> **Supplied information**:
BEGIN
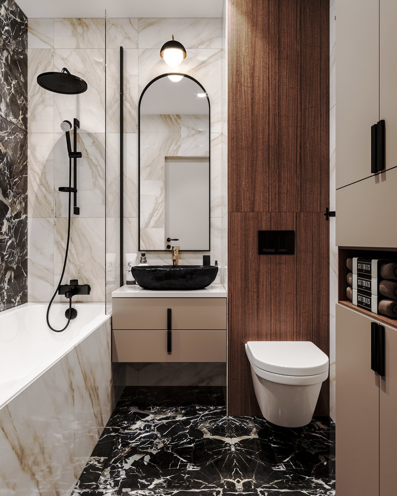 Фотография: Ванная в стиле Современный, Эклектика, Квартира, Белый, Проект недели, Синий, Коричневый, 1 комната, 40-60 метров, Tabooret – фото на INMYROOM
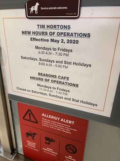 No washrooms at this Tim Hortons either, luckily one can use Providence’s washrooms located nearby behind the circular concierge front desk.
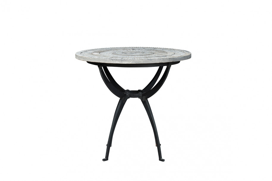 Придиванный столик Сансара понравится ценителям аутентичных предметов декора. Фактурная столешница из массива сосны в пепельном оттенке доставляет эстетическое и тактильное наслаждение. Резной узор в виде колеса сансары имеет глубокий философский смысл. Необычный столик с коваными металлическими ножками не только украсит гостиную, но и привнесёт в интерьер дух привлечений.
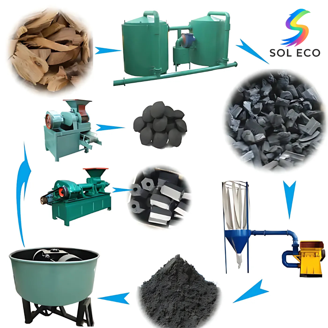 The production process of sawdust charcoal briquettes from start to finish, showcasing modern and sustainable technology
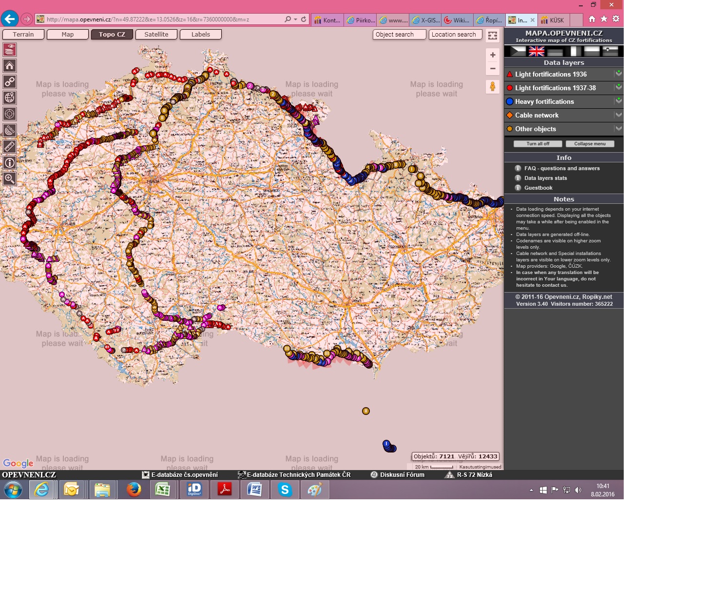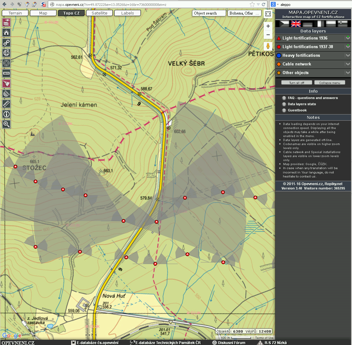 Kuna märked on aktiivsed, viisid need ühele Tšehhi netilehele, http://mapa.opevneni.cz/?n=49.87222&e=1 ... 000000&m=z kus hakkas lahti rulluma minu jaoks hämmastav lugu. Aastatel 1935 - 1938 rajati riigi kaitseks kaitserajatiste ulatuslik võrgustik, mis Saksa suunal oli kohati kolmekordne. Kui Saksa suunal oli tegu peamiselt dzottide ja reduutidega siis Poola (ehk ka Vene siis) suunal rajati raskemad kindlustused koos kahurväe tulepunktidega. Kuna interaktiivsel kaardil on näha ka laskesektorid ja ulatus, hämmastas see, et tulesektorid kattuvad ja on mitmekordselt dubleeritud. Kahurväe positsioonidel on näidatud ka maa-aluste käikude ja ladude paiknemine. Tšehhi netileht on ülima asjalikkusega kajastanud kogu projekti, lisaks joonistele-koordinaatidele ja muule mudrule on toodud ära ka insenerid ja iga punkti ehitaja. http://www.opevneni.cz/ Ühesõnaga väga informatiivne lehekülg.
END
BEGIN
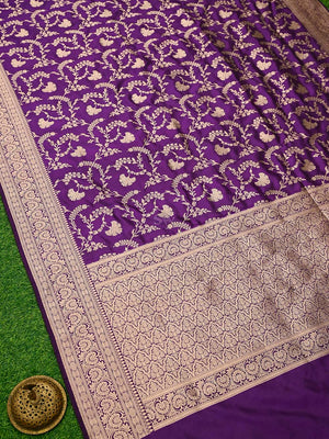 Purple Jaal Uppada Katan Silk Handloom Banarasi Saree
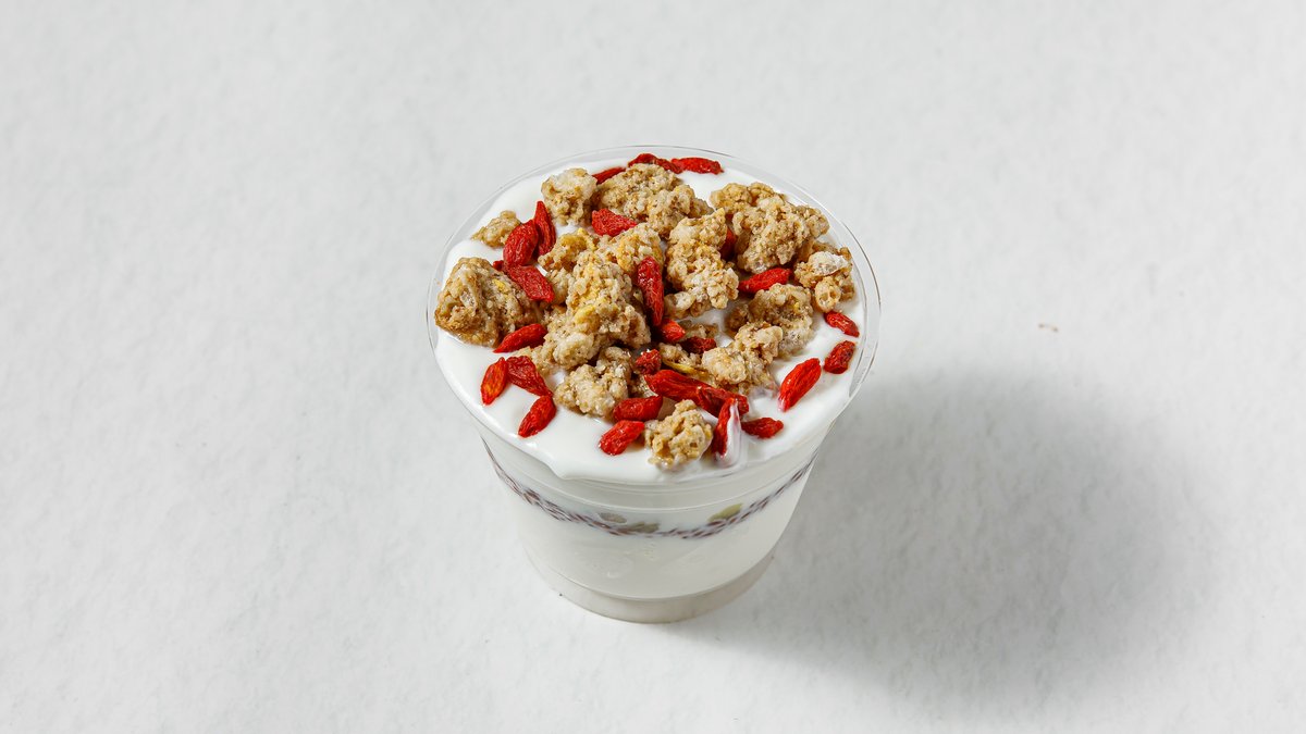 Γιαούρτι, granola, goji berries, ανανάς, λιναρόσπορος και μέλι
END
BEGIN
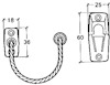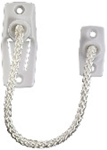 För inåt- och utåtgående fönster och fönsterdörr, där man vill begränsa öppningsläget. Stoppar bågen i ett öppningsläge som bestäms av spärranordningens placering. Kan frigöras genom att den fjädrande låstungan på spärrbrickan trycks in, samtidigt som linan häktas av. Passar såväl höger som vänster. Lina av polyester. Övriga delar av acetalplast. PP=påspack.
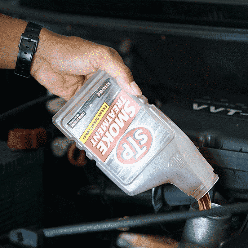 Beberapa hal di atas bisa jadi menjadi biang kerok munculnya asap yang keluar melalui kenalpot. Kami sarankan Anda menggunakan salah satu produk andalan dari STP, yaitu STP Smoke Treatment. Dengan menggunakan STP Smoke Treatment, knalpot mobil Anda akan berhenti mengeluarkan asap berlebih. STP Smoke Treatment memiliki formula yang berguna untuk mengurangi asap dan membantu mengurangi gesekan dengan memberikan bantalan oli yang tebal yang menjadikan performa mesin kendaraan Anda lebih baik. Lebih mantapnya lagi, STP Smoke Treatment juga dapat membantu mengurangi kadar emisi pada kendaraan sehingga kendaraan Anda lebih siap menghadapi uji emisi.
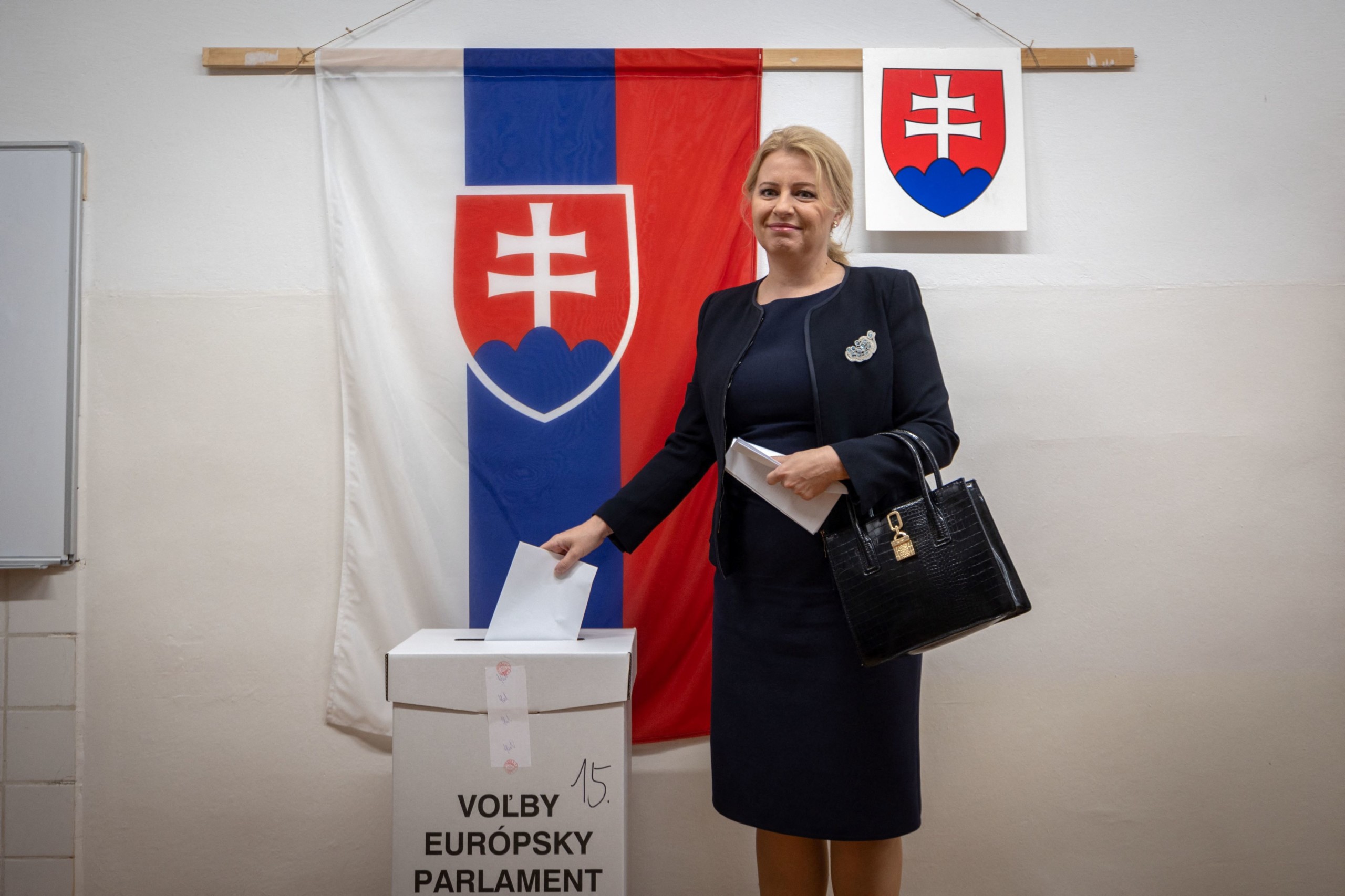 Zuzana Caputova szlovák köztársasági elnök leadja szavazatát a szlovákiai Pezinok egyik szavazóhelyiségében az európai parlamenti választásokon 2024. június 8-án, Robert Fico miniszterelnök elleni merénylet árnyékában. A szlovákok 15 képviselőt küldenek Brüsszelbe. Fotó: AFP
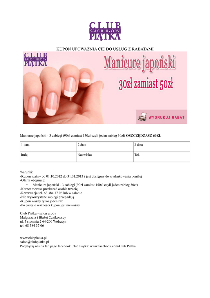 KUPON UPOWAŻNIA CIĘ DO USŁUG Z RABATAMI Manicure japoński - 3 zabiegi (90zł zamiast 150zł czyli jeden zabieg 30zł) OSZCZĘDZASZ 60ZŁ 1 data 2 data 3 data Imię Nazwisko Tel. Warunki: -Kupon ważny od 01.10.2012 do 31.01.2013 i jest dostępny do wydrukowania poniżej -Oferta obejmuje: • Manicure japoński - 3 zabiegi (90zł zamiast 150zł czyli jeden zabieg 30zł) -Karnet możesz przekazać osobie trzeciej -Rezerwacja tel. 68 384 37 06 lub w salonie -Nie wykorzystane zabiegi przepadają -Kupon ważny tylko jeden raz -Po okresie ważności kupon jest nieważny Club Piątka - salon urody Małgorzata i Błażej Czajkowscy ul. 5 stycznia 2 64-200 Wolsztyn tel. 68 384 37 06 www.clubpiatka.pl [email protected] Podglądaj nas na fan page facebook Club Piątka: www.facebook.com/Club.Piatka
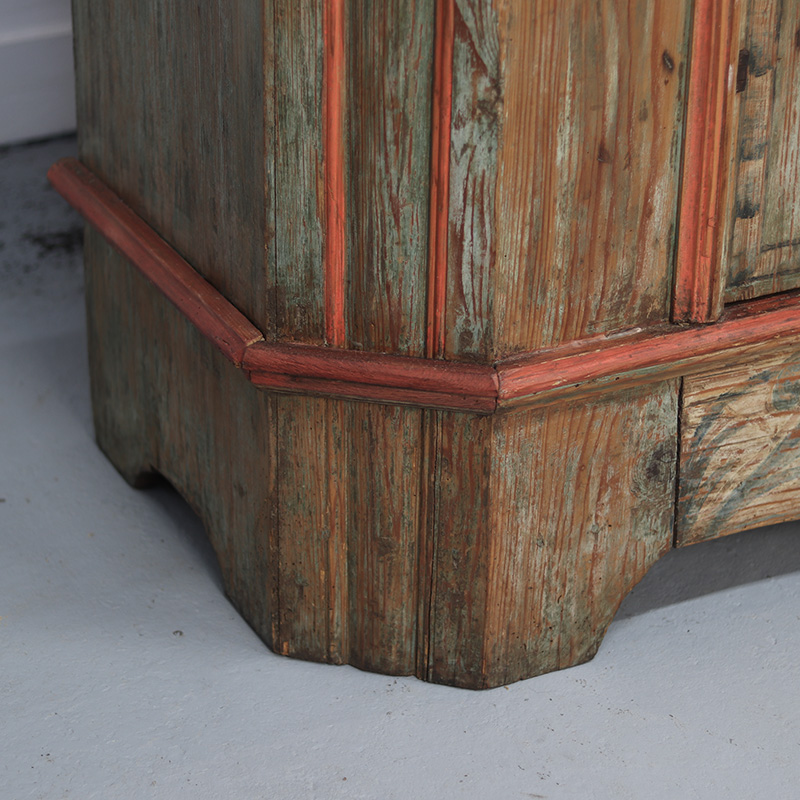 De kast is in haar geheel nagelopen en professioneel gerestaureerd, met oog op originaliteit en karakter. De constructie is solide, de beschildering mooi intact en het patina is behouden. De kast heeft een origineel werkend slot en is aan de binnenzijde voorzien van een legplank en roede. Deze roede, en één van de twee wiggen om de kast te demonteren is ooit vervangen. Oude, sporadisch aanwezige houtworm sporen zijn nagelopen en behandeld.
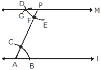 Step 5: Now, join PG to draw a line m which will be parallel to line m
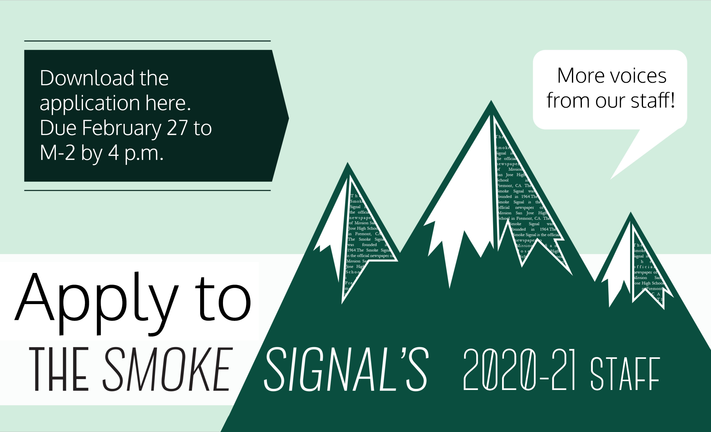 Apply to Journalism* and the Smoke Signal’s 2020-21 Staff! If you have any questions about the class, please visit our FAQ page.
END
> **Your goal**:
For this exercise, transcribe exactly the part of the records above that opens with the line containing "Zuzana Caputova szlovák" and closes with the one containing "KUPON UPOWAŻNIA CIĘ". Pictures are not part of the copy.

> **Expected output**:
 Zuzana Caputova szlovák köztársasági elnök leadja szavazatát a szlovákiai Pezinok egyik szavazóhelyiségében az európai parlamenti választásokon 2024. június 8-án, Robert Fico miniszterelnök elleni merénylet árnyékában. A szlovákok 15 képviselőt küldenek Brüsszelbe. Fotó: AFP
 KUPON UPOWAŻNIA CIĘ DO USŁUG Z RABATAMI Manicure japoński - 3 zabiegi (90zł zamiast 150zł czyli jeden zabieg 30zł) OSZCZĘDZASZ 60ZŁ 1 data 2 data 3 data Imię Nazwisko Tel. Warunki: -Kupon ważny od 01.10.2012 do 31.01.2013 i jest dostępny do wydrukowania poniżej -Oferta obejmuje: • Manicure japoński - 3 zabiegi (90zł zamiast 150zł czyli jeden zabieg 30zł) -Karnet możesz przekazać osobie trzeciej -Rezerwacja tel. 68 384 37 06 lub w salonie -Nie wykorzystane zabiegi przepadają -Kupon ważny tylko jeden raz -Po okresie ważności kupon jest nieważny Club Piątka - salon urody Małgorzata i Błażej Czajkowscy ul. 5 stycznia 2 64-200 Wolsztyn tel. 68 384 37 06 www.clubpiatka.pl [email protected] Podglądaj nas na fan page facebook Club Piątka: www.facebook.com/Club.Piatka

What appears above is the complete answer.